▶ _Information supplied_:
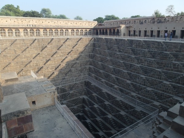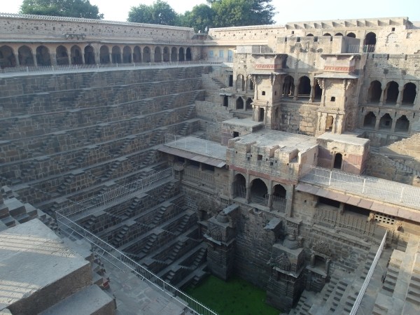 Gegen drei Uhr fragte Ajit uns, ob wir eine Pause machen wollten. Wir wollten nicht, aber er war hungrig. Er warnte uns, dass wir nichts kaufen sollten, weil es für Touris hier äußerst teuer sei, aber wir könnten uns ja ins Auto setzen. Nach dem Genuss einer in der Tat völlig überteuerten Cola warteten wir zehn Minuten auf ihn, was Dieter nicht akzeptieren wollte: das hätte es bei Lal nicht gegeben! Wir wollten vorgeben, wann wir Pause machen, und wir wollten nicht auf ihn warten müssen. Es stellte sich als ein Missverständnis heraus: Der arme Kerl war heute Morgen um vier Uhr aus Delhi gekommen und hatte einfach Hunger. Gut, dass wir mal drüber gesprochen hatten! Etwa 95 Kilometer vor Jaipur entfernt machte Ajit einen Abstecher zum Chand Baori, einem riesigen im 8. Jahrhundert angelegten Wasserbecken, zu dem man über zahllose Steinstufen hinabsteigen konnte. Bei großer Dürre und Hitze kamen die Menschen aus dem Dorf hier im neunten Jahrhundert zusammen, denn unten war es fünf bis sechs Grad kühler als oben. Daneben gab es eine Tempelruine. Einzelne Säulen- und Altarreste daraus – kunstvolle Steinmetzarbeiten – wurden rings um die Anlage herum ausgestellt.
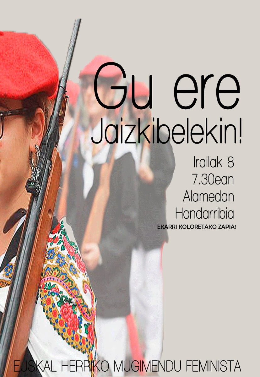 Euskal Herriko Mugimendu Feministak deialdia zabaltzen du Hondarribira joateko! Ni han izango naiz @Jaizkibel6@twitter.com txalotzen eta zu?
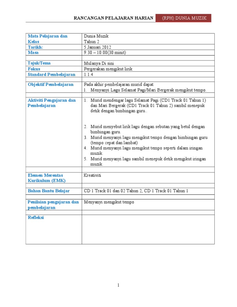 Rancangan Pengajaran Pendidikan Muzik Kbsr Tahun 3 Mata Pelajaran Pendidikan Muzik Tahun 3 Ledang Bilangan Murid Screenshots
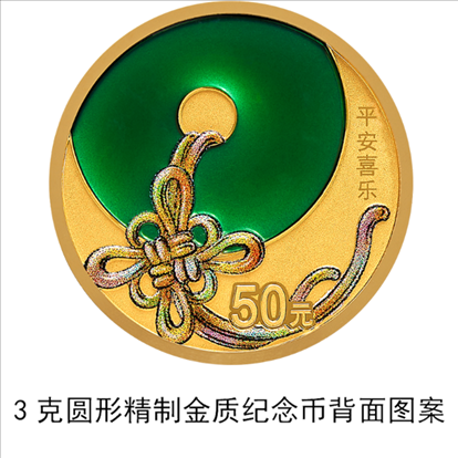 3克圓形金質“平安喜樂”紀念幣背面圖案為平安扣、中國結裝飾組合圖案,并刊“平安喜樂”字樣及面額。

▶ _About this exercise_:
Omit every picture while copying the listing above exactly.

▶ _Answer to this problem_:
 Gegen drei Uhr fragte Ajit uns, ob wir eine Pause machen wollten. Wir wollten nicht, aber er war hungrig. Er warnte uns, dass wir nichts kaufen sollten, weil es für Touris hier äußerst teuer sei, aber wir könnten uns ja ins Auto setzen. Nach dem Genuss einer in der Tat völlig überteuerten Cola warteten wir zehn Minuten auf ihn, was Dieter nicht akzeptieren wollte: das hätte es bei Lal nicht gegeben! Wir wollten vorgeben, wann wir Pause machen, und wir wollten nicht auf ihn warten müssen. Es stellte sich als ein Missverständnis heraus: Der arme Kerl war heute Morgen um vier Uhr aus Delhi gekommen und hatte einfach Hunger. Gut, dass wir mal drüber gesprochen hatten! Etwa 95 Kilometer vor Jaipur entfernt machte Ajit einen Abstecher zum Chand Baori, einem riesigen im 8. Jahrhundert angelegten Wasserbecken, zu dem man über zahllose Steinstufen hinabsteigen konnte. Bei großer Dürre und Hitze kamen die Menschen aus dem Dorf hier im neunten Jahrhundert zusammen, denn unten war es fünf bis sechs Grad kühler als oben. Daneben gab es eine Tempelruine. Einzelne Säulen- und Altarreste daraus – kunstvolle Steinmetzarbeiten – wurden rings um die Anlage herum ausgestellt.
 Euskal Herriko Mugimendu Feministak deialdia zabaltzen du Hondarribira joateko! Ni han izango naiz @Jaizkibel6@twitter.com txalotzen eta zu?
 Rancangan Pengajaran Pendidikan Muzik Kbsr Tahun 3 Mata Pelajaran Pendidikan Muzik Tahun 3 Ledang Bilangan Murid Screenshots
 3克圓形金質“平安喜樂”紀念幣背面圖案為平安扣、中國結裝飾組合圖案,并刊“平安喜樂”字樣及面額。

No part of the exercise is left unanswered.